I know of people who leave the keys in the ignition cause they live in a part of town deemed safe enough to do this. I'm actually typing from one of those areas but my keys are still on me and car locked tight. I do park in reverse as I didn't have a working hand brake *Cough* parking assist handle for almost the 1st year of ownership.


----------



## wasney (Mar 3, 2015)

My car used to like to do that, but i have an aftermarket remote start. They wired it wrong the first time. :/ Told them the problem and they fixed it, no problems yet. But if you do not have an aftermarket remote start, then I feel the dealership should pay it. Since it isn't your fault.


----------



## wasney (Mar 3, 2015)

Although I will say that is pretty wicked. Better blow it up before it starts attacking people. Lol or maybe it will start talking to you and you can transform it to a 2015 Cruze Diesel. lol


----------



## hificruzer226 (Mar 27, 2013)

It might have an auto start in it. Try hitting lock 3 times from the factory key fob


----------



## KENSTV123 (Sep 21, 2014)

I wonder if the ignition switch was pried on-maybe not completely returning from start position, seems most likely cause unless the switch rotor is broken, there is no current on the switch contacts just logic levels being switched so unlikely to be fried contacts, just thought of another possibility-water exposure and the resulting leakage from mineral deposits after it dries, seen this many times in electronic equipment tale-tale white deposits, now I'm wondering if it was a salvage vehicle !


----------



## GRIMland (Jun 1, 2014)

Ahh, so it's not ghosts in the machine... that was going to be my guess. Is this part of the GM ignition switch issues that they got so much heat over? Seems very dangerous!


----------



## Huntermac (May 10, 2015)

obermd said:


> OP - how long have you had the car? I ask because there is frequently a small warranty associated with used car sales. Definitely worth looking into.
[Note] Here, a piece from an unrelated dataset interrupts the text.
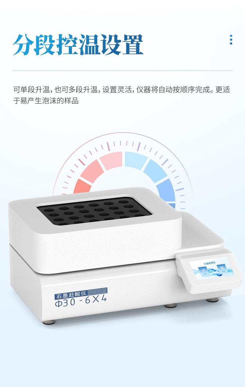 分段控溫設置,即可單段升溫,也可多段升溫,設置靈活,儀器將自動按順序完成。更適于易產(chǎn)生泡沫的樣品。

She has had it only a few months. She told me about it trying to start about two months ago but it didn't do it but maybe three times over that period of time. She informed me that it never would actually start but now it is actually fully starting up. I haven't called the dealership she got it from yet because chevy hasn't called to inform that it is repaired. They said that all the parts haven't showed up.



hificruzer226 said:


> It might have an auto start in it. Try hitting lock 3 times from the factory key fob


No autostart. Thought it was onstar at first but the dealership has ruled that out. Bob at childre chevy said that the computer stated that the ignition is the issue. I really believe the computer is who to blame but i wouldn't want to price a new one either.....


----------



## Huntermac (May 10, 2015)

I will post updates ASAP. I am currently out of town till friday so hopefully that is when I can pick it up.


----------



## ChevyGuy (Dec 13, 2014)

Huntermac said:


> I really believe the computer is who to blame


Not impossible, but it doesn't look right for a computer. Maybe if it was just the part that "reads" the ignition switch.
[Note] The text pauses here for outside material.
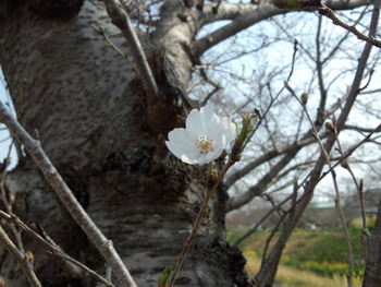県道の南側は散歩コースで無いので確認をしておりませんが県道の北側の桜並木のうちの3本の木に開花を確認致しました!
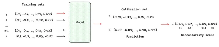 TimeGPT是一个基于transformer的模型,可以生成潜在结果的概率分布,即预测区间的估计。依靠基于历史误差的符合性预测 [8] 来估计预测区间。与传统方法不同,符合性预测不需要分布假设,可以通过以下步骤实现:

If it was the computer, I'd expect more functions to be engaged or doing more strange things.


----------



## KENSTV123 (Sep 21, 2014)

I'm betting it's some kind of damage from an attempted theft-switch could have been damaged from forcing past stops-do keep us posted and try to get the old switch back


----------



## ChevyGuy (Dec 13, 2014)

Looking at the safercar.gov site posted in another thread and I ran across this service bulletin:

Service Bulletin No.: PI-1329 
Component(s): ELECTRICAL SYSTEM NHTSA ID Number: 10057006


0 Associated Documents
Manufacturer: General Motors LLC
SUMMARY:
BUICK/CHEVROLET: VEHICLE POWERS UP, WHETHER KEY IN IGNITION OR LEFT IN IGNITION, WITH CRANKING AND/OR CRANKING OF THE ENGINE AND MAKES WARNING CHIME INOPERATIVE. MODEL 2012-15 ENCORE, CRUZE, SONIC, TRAX. *PE


----------



## 6GMcars (Sep 4, 2018)

my 2014 chevy cruze is doing the same thing. purchased it new, never been wet, never been worked on, it does have the factor remote stard. I always leave my keys in the ignition, last night the radio lights and ignition was clicking over multiple times. so I watched it for a while to see how long this would carry on, as well a clicking over radio and lights on it started and shut down twice in a 15 min span. Major safety issue, what if i parked this in my garage. sure simple soultion dont leave your key in the car, better solution is for GM to repair the defect. I just purchased 2 more new 2018 chevy vehicles this year, it may be the last time for me. - Gary Graichen


----------